Increased rate of hanging Linux OS startups on some Microsoft Azure VM types
Please be informed that we have detected increased rate of hanging Linux OS startups when you use the following Microsoft Azure VM types: E32(S), E64(S), D14(S), D15(S), H16m. If you have not come on this problem yet, it is very likely to reproduce it after the next instance suspend and activate.
The symptoms are that upon VM sratup the CPU goes to 100% and you can’t login via SSH. If you want to dig deeper into the problem, you can enable the advanced diagnostics in the Azure portal to find repeating message like “[ 32.152002] BUG: soft lockup – CPU#0 stuck for 22s! [migration/0:8]” in the serial console.
The recommended solution to fix this problem is the following procedure with three steps: A, B and C:
A: Change these VM sizes to E16S, M32ls or M32ts to be able to start the OS. Proceed as follows:
- In SAP Cloud Appliance Library, choose Instances to display the list of available solution instances.
- Choose Edit for the solution instance you want to change.
- On the Virtual Machines tab page, edit the size of the virtual machines.
- Save your entries.
Note that the new VM size may have negative impact on the performance of your solution instance (E16S compared to E32S) or may imply a bit higher costs (M32ls and M32ts compared to E32S). However if you find the performance and the costs acceptable you can stop here. If you decide to proceed, please keep in mind that you can rely on community support only.
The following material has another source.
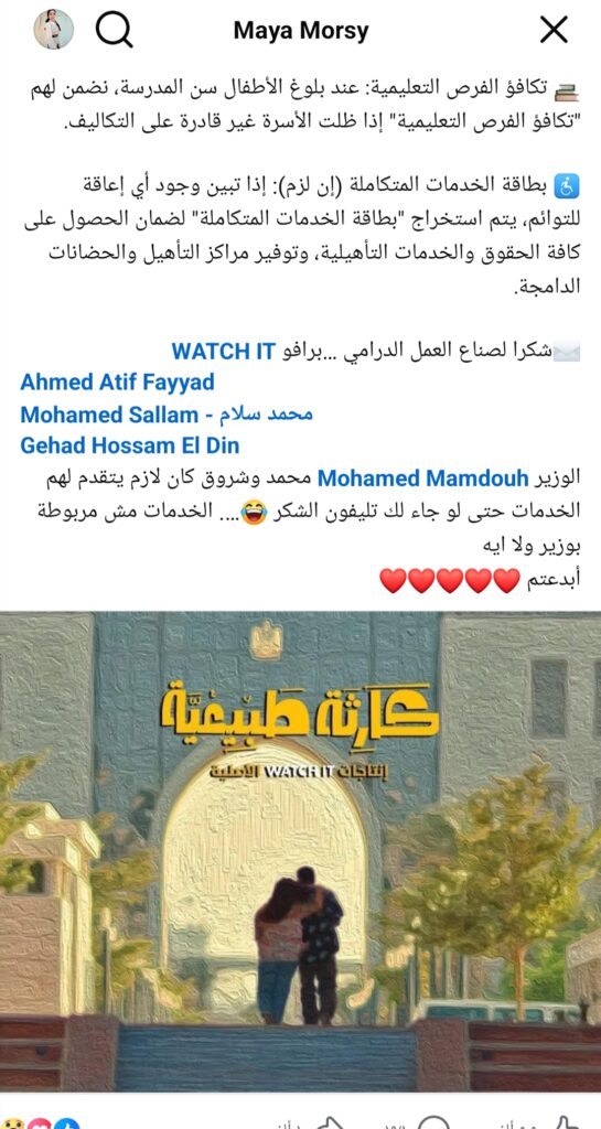 وقد وجّهت تحية تقدير إلى منصة WATCH IT والنجوم:– أحمد عاطف فياض– محمد سلام– جهاد حسام الدين– والفنان محمد ممدوح، الذي قدّم — رغم الطابع الكوميدي — دورًا أعاد النقاش حول المسؤولية الحكومية في زمن الأزمات.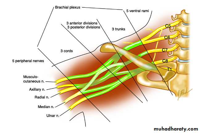 Erb’s palsy is caused by injury of C5, C6 and (sometimes) C7. The abductors and external rotators of the shoulder and the supinators are paralysed.

B: Follow the steps described in “Option I” or “Option II” depending on your preference:
Option I: Add the parameter “numa=off” to the kernel command-line. Proceed as follows:
- Log on to the Linux OS via SSH with the root user. For more information see, the “How to connect to a running instance via the secure shell protocol (SSH)?” question in this wiki page.
- In the file /etc/default/grub append the parameter “numa=off” to the value of property GRUB_CMDLINE_LINUX_DEFAULT
GRUB_CMDLINE_LINUX_DEFAULT=”xxxxxx xxxxxx=xxxxxx numa=off”
If the property doesn’t exist, add it to the file:
- Save the file.
- Execute the following command grub2-mkconfig -o /boot/grub2/grub.cfg and wait for the execution to finish.
Option II: Update the Linux kernel for each affected VM. Proceed as follows:
- Log on to the Linux OS via SSH with the root user.
- Check the kernel version in the command line with the following command: uname -r
For example, the system will display the following output: 3.12.74-60.64.69-default. We have tested that an upgrade to kernel version 4.4.138-94.39-default solves the problem.
- Update the kernel version with the following command: zypper ar http://smt-azure.susecloud.net/repo/SUSE/Updates/SLE-SERVER/12-SP3/x86_64/update?credentials=SMT-http_smt-azure_susecloud_net SLES12-SP3-Updates
- Refresh the zypper repositories with the command: zypper refresh
- Check the output that the newly added repository SLES12-SP3-Updates is up to date.
- Start the kernel update via the command: zypper update kernel-default
- When prompted type “y” and choose “Enter”. Wait for the kernel update to finish.
- Reboot the VM via the command: reboot
- After the operation is successfully finished, check the kernel version again with the command: uname -r
The output now should contain 4.4.138-94.39-default (or newer version depending on when you update the kernel).
C: Return the changed VM sizes in step A to their original VM size. For more information how to edit the size, see the step A in this blog.
Note that we recommend not to interrupt the SAP systems startup with the reboot or the resize operation. The SAP systems startup usually takes up to 10 minutes after the OS boot.